If flowers give us a language for love then orchids take it to another level. Not only are they beautiful flowers but the extraordinary precision of their petal arrangements and associated parts also gives them an edge in vying for the attentions of insect pollinators.

Close-up of a honeybee pollinating a flower Close-up of a honeybee pollinating a flower

As an orchid researcher from the University of Naples expressed it, when it comes to attracting pollinators, “Sexy orchids do it better!”

A case in point is the Fly Orchid whose petals mimic the outline of a fly so perfectly that male digger wasps (wholly unlike the stripy picnic pests!) find them irresistible. In addition, the orchid scent closely resembles the pheromones of a female digger wasp further encouraging the males to land.

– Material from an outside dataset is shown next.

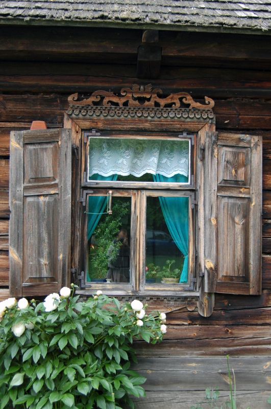 Okno chałupy ze wsi Łyse z 1923 roku. Okno z ozdobnymi nadokiennikami (koruna) i podokiennikami i okiennicami.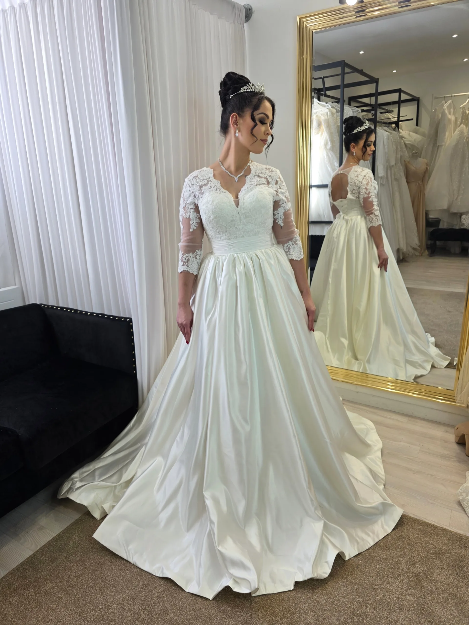 Robe de mariée princesse satin et dentelle – Manches 3/4 – Dos élégant – Coupe royale

There is no reward for the wasp in this act of ‘pseudocopulation’ but the orchid’s deceit ensures its pollen is carried off, onboard the wasp, to fertilize other orchids.

It was Charles Darwin who first observed the sexual deception of fly orchids. He was one in a long line of ‘orchidophiles’, my friend among them, engaged not just with the matter of scientific observation but in a love affair with orchids. For each of them, their discoveries were not so much eureka moments as moments of passionate love.

A bee on rape blossom. A bee on rape blossom.

While I have not (yet) gone out in search of orchids I recognize that same passion in myself. It is a passion for those uniquely beautiful and unexpected experiences that arise in the secret moments when you discover something rare or new in nature. They are unforgettable moments, deeply personal and become part of your life’s journey, sometimes informing it and sometimes inspiring it. May you all feel the love this spring!